In Hamburg haben etwa 100 Menschen für die Freiheit der Aktivistinnen demonstriert. Mit Masken versammelten sich die Protestler am Mittag auf dem Tschaikowskyplatz an der Russisch-Orthodoxen Kirche des Heiligen Johannes von Kronstadt. Über das soziale Netzwerk Facebook hatte es zuvor 273 Zusagen gegeben. Es sei zunächst alles ruhig verlaufen, sagte ein Polizeisprecher in der Hansestadt.
Dass ein hartes Urteil gegen die Frauen, von denen zwei kleine Kinder haben, auch seinem Ansehen schaden würde, hat wohl auch Putin erkannt. Mitten im laufenden Verfahren plädierte der studierte Jurist Putin für Milde. Die Verteidiger von Pussy Riot sind überzeugt, dass das Urteil nicht vom Gericht geschrieben, sondern vom Präsidialamt diktiert wird.

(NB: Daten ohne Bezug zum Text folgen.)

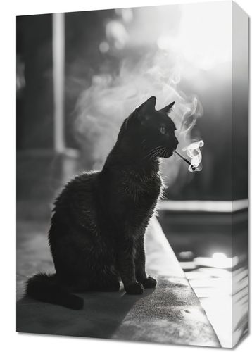 Obraz z serii wnętrza zatytułowany Kocia Przerwa. Na tym obrazie uwieczniono czarnego kota siedzącego na krawędzi, zanurzonego w promieniach rozproszonego światła, które podkreślają jego błyszczącą sierść i wyraziste kontury. Kocie wąsy delikatnie zarysowane w kontraście ze światłem nadają mu wyrazistości, a unoszący się dym tworzy aurę tajemniczości. Jest to obraz zarówno elegancki, jak i zagadkowy, idealny dla miłośników zwierząt i minimalistycznego designu. Obraz ten będzie pasował do każdego wnętrza, od klasycznego po nowoczesne, dodając subtelnego charakteru i spokoju.
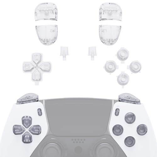 eXtremeRate Knappar Buttons Ersättning Kompatibel med ps5 Edge Controller, D-pad Share Options Home Face Buttons R1 L1 R2 L2 Triggers Kompatibel med ps5 Edge (Ingen Controller) - Transparent Klar
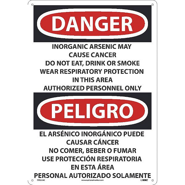 Inorganic Arsenic May Cause Cancer Sign - Bilingual, ESD32AC (Discontinued)
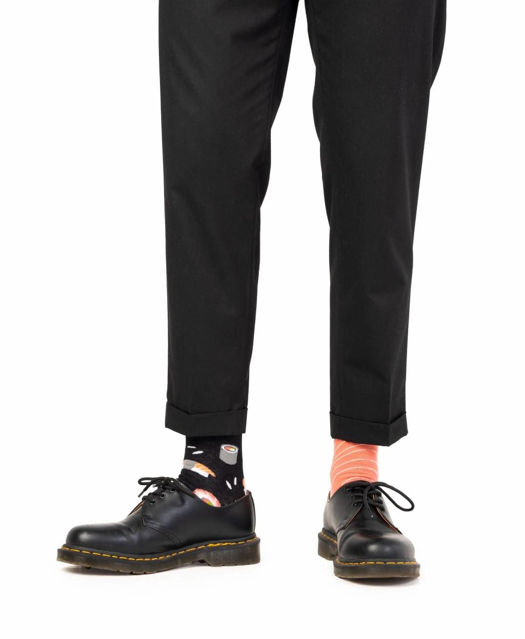 Voor de sushi-lover met smaakvolle voeten: deze sokken in maat 35–38 zijn om op te eten (maar liever niet echt). De zwarte sok toont kleurrijke sushirollen en rijstkorrels, terwijl de zalmroze sok geïnspireerd is op een plakje zalm sashimi.

Der inhaftierte ehemalige Ölunternehmer Michail Chodorkowski verurteilte in einem Interview mit der Süddeutschen Zeitung die Abhängigkeit der russischen Justiz vom Kreml. „Das Ziel ist es, Kritikern des Regimes eine Lektion zu erteilen“, sagte Chodorkowski. Das Gericht werde „nur ein Urteil bestätigen, das anderswo aufgeschrieben wurde - in der Staatsanwaltschaft oder irgendeiner anderen staatlichen Instanz“.
Chodorkowski war 2003 festgenommen worden und im selben Gericht in Moskau zu langen Haftstrafen verurteilt worden, in welchem am Freitag die Urteile gegen Pussy Riot gefällt werden.